_YOUR TASK_: Begin at the line that holds "The sculpture Endless" and copy each line exactly until the data below ends, including that last line but no pictures.

[Recorded data]
^^^^^^^^

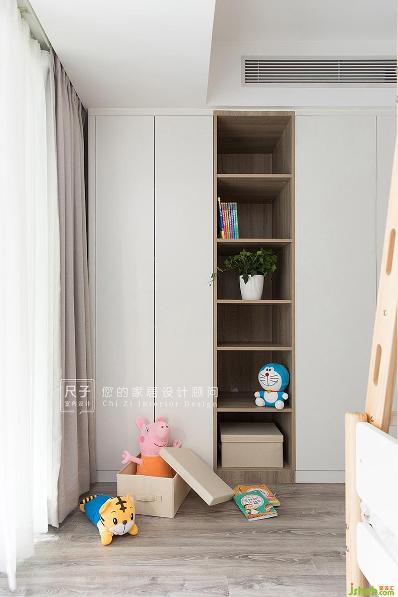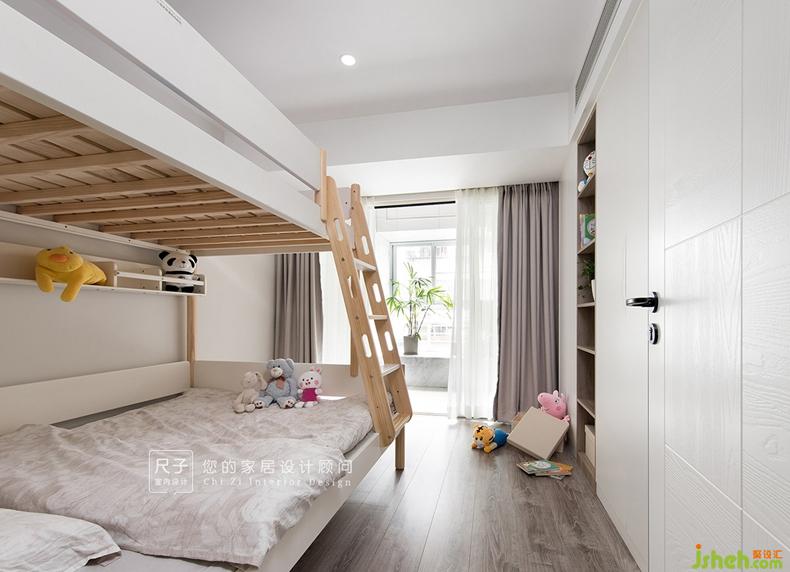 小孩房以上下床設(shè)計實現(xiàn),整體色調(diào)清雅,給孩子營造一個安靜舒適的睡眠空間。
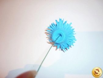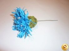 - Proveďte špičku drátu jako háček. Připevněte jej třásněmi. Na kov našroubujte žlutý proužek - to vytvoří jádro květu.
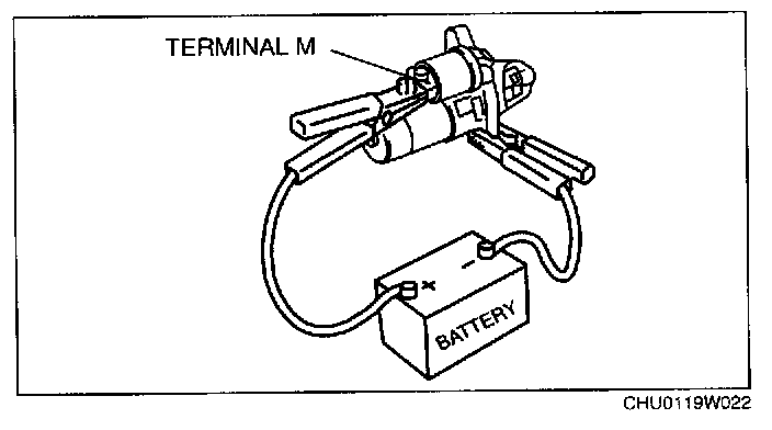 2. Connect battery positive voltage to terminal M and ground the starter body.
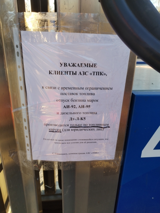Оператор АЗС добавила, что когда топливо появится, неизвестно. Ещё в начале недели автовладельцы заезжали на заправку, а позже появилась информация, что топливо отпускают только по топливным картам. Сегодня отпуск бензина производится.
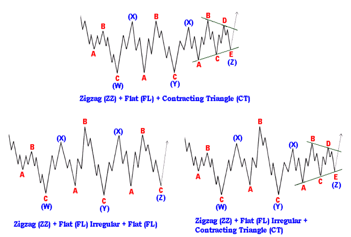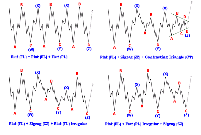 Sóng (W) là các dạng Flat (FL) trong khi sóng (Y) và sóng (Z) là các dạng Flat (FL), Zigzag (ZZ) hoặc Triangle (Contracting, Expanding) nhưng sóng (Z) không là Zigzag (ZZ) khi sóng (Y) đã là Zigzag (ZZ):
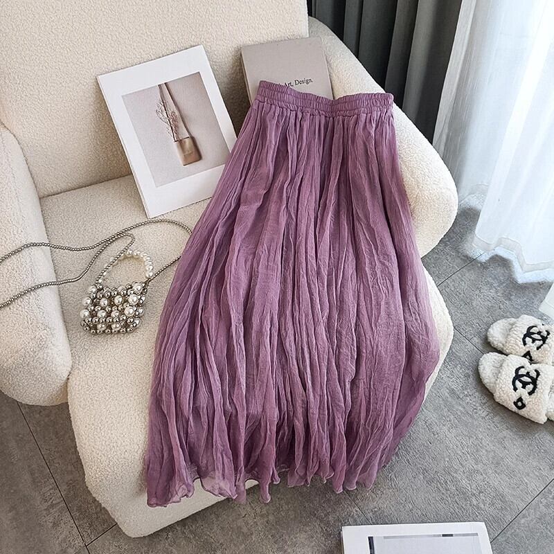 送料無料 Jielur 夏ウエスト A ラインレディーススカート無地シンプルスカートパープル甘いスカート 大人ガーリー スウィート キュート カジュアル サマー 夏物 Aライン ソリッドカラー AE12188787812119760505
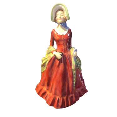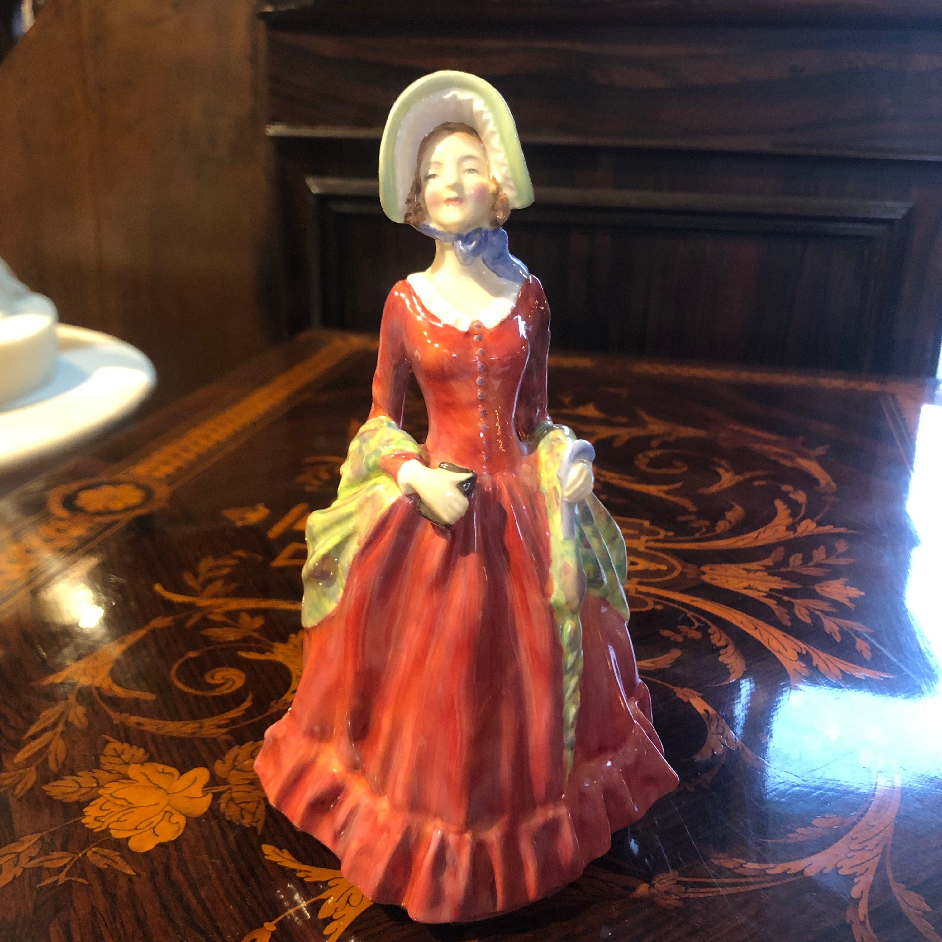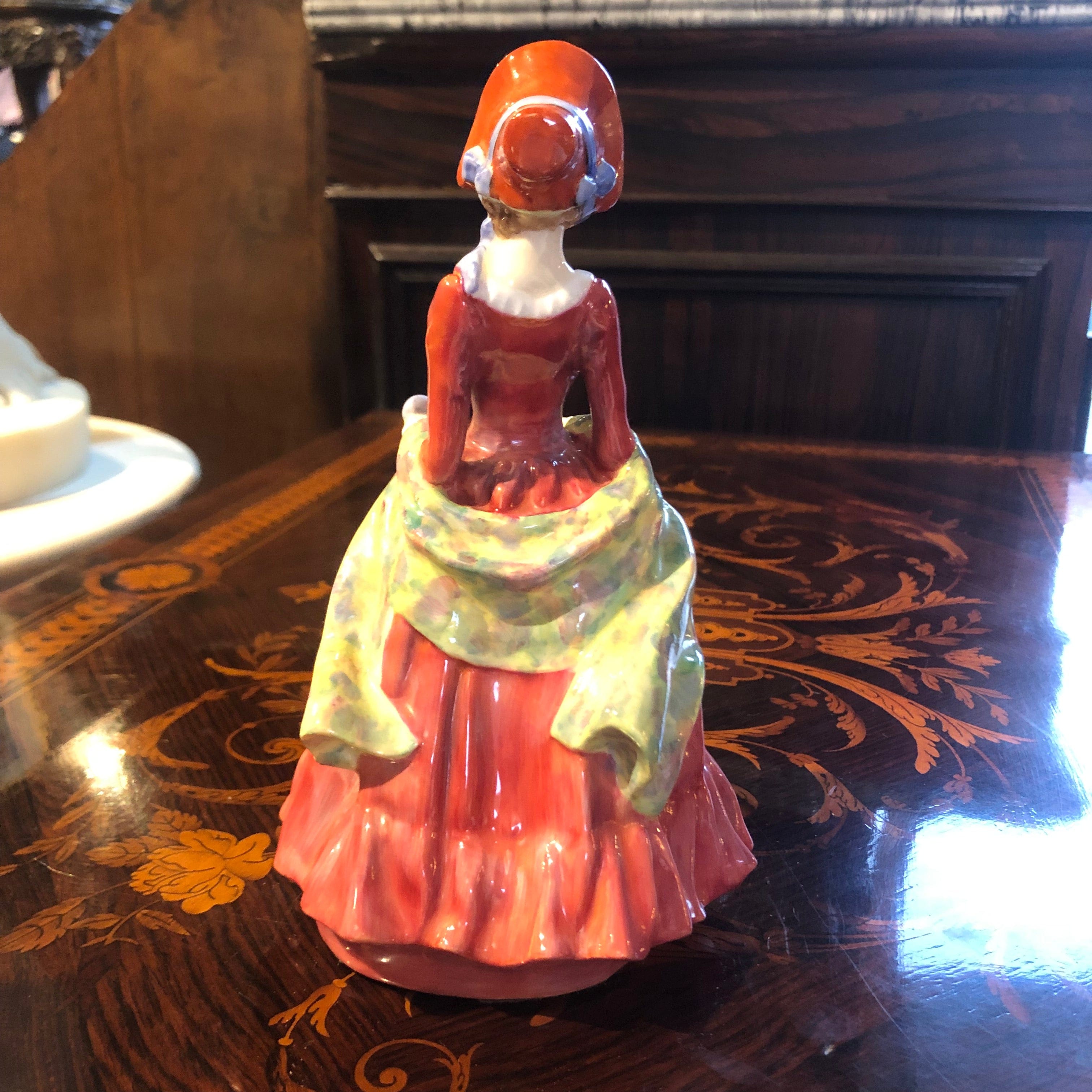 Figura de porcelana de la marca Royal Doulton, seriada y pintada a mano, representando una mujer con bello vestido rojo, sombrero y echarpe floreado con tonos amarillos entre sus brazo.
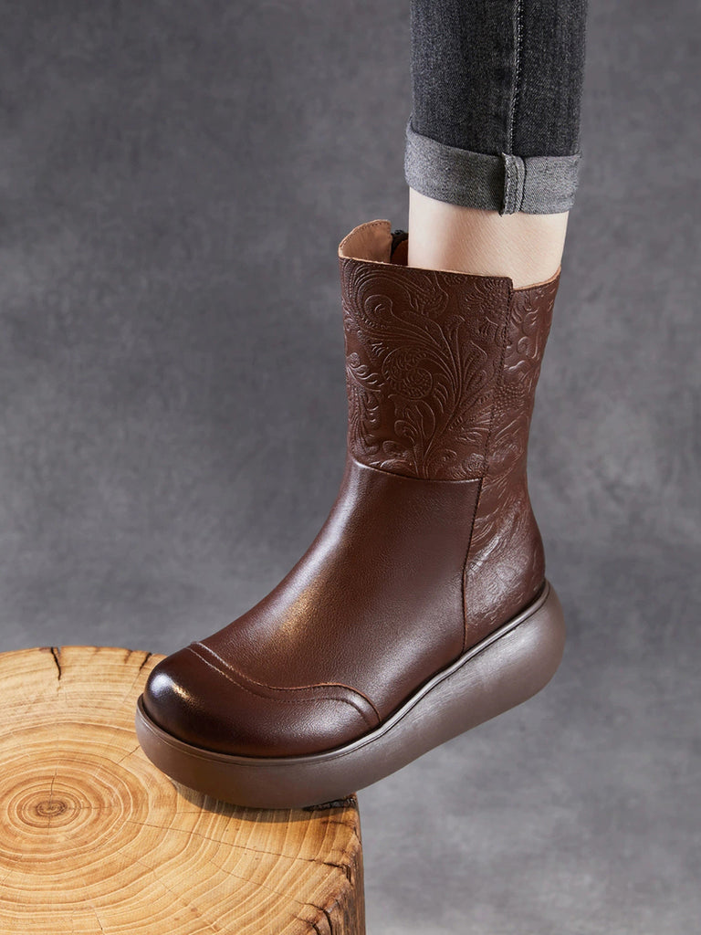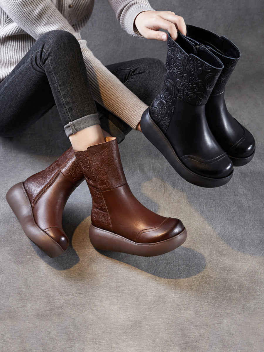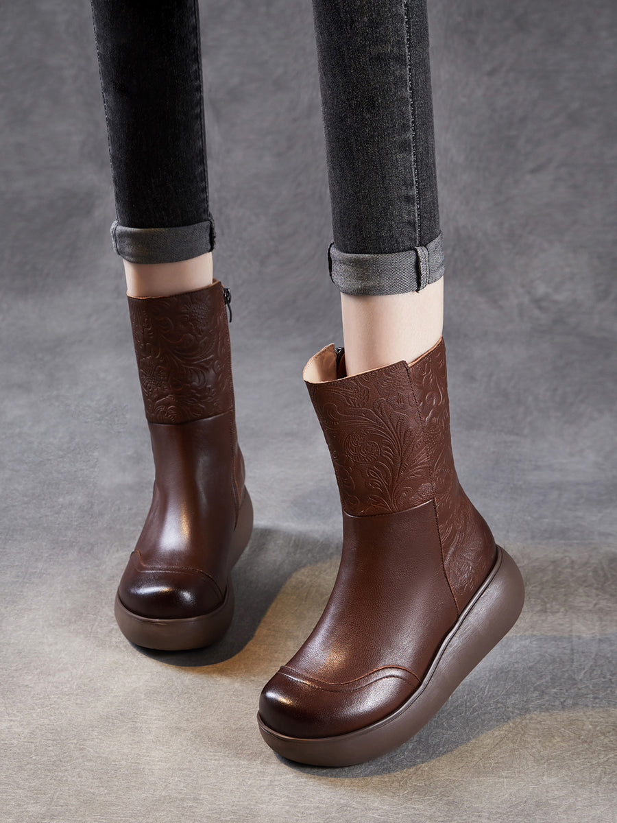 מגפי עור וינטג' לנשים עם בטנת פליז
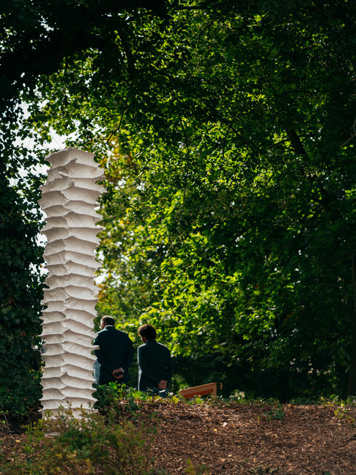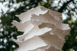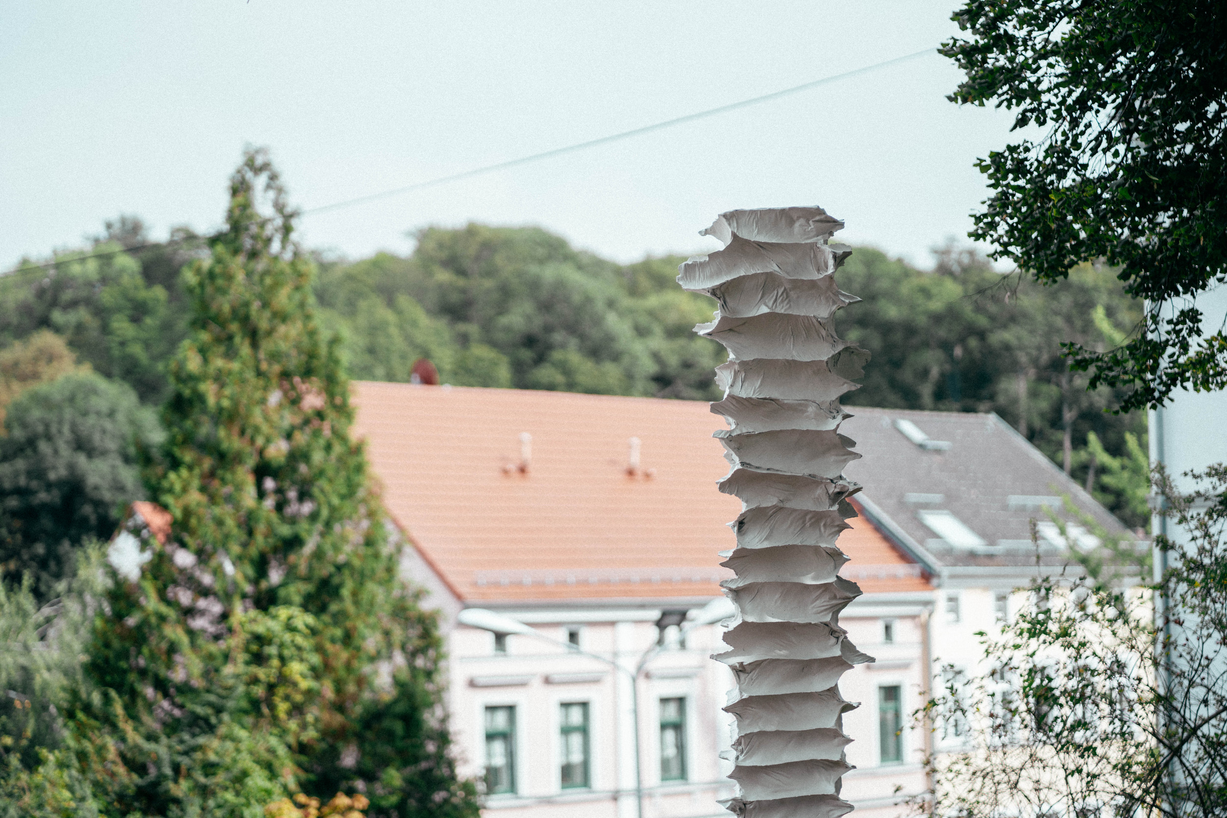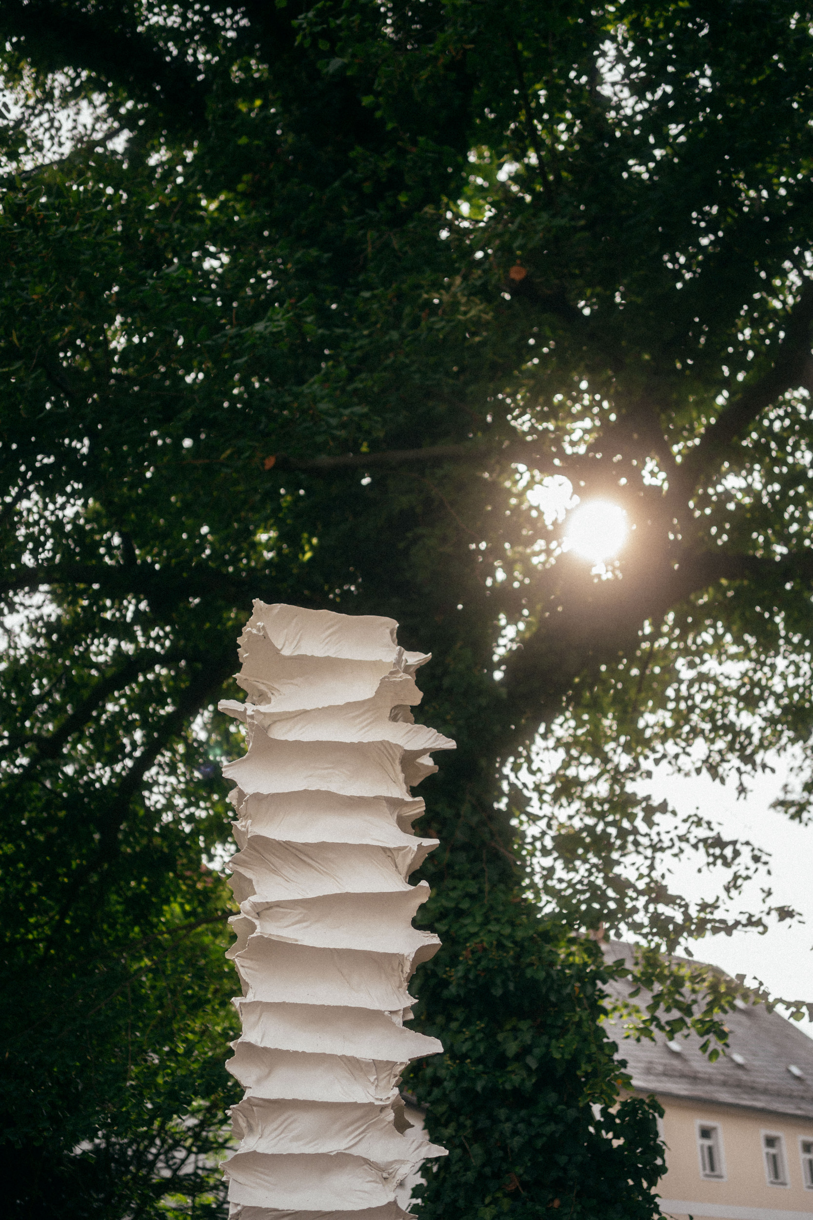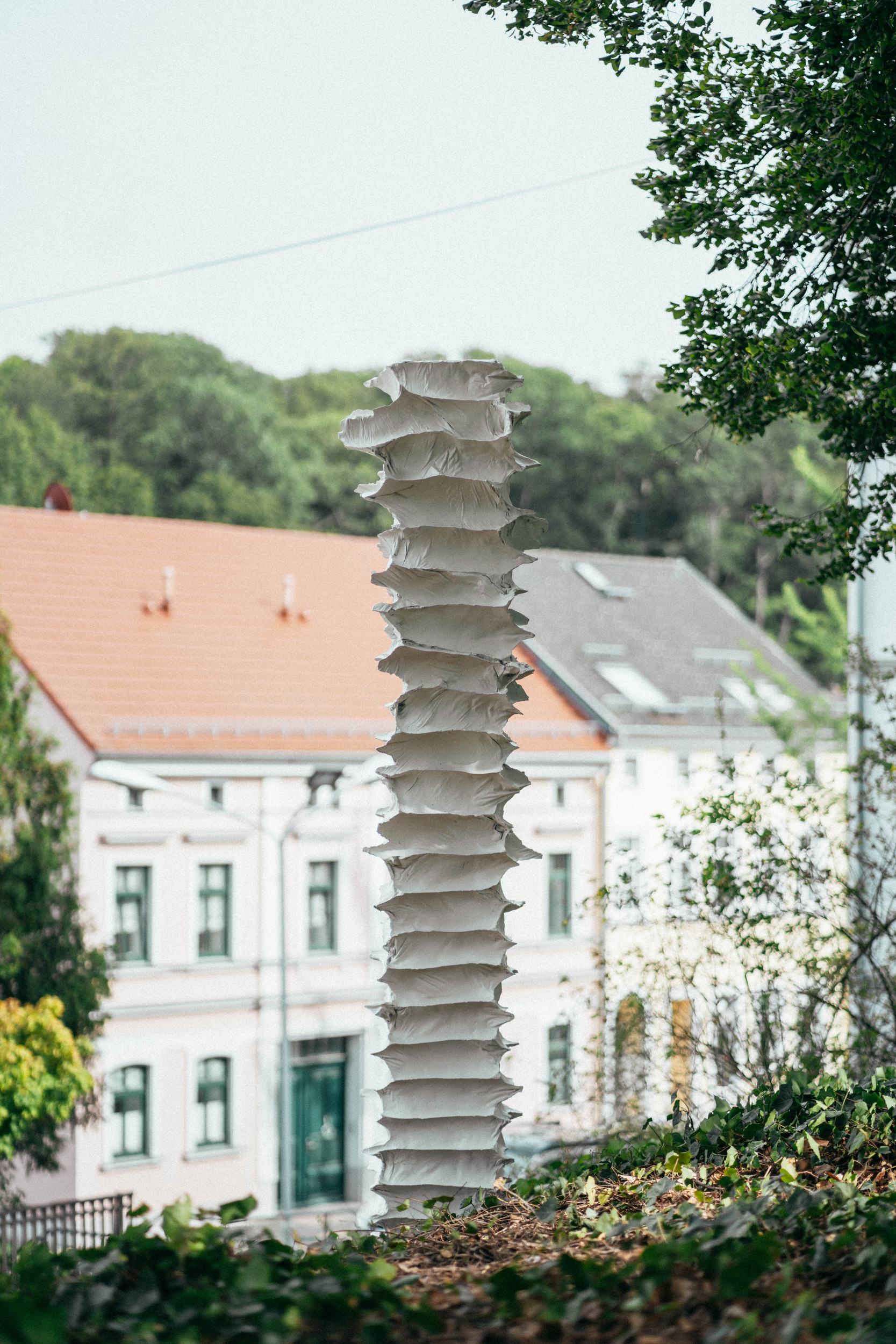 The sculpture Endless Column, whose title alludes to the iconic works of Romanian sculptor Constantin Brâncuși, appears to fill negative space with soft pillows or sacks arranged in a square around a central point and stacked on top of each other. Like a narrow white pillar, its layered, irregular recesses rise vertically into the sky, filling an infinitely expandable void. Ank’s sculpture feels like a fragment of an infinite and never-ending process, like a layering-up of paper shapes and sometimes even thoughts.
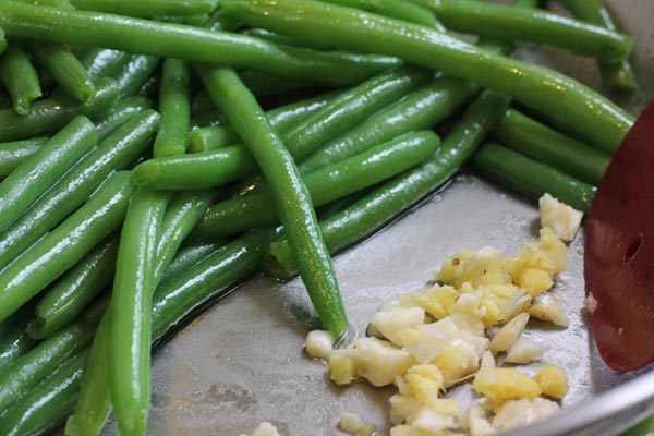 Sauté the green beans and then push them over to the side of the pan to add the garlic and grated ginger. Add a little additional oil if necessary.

^^^^^^^^

_RESPONSE BELOW_:
 The sculpture Endless Column, whose title alludes to the iconic works of Romanian sculptor Constantin Brâncuși, appears to fill negative space with soft pillows or sacks arranged in a square around a central point and stacked on top of each other. Like a narrow white pillar, its layered, irregular recesses rise vertically into the sky, filling an infinitely expandable void. Ank’s sculpture feels like a fragment of an infinite and never-ending process, like a layering-up of paper shapes and sometimes even thoughts.
 Sauté the green beans and then push them over to the side of the pan to add the garlic and grated ginger. Add a little additional oil if necessary.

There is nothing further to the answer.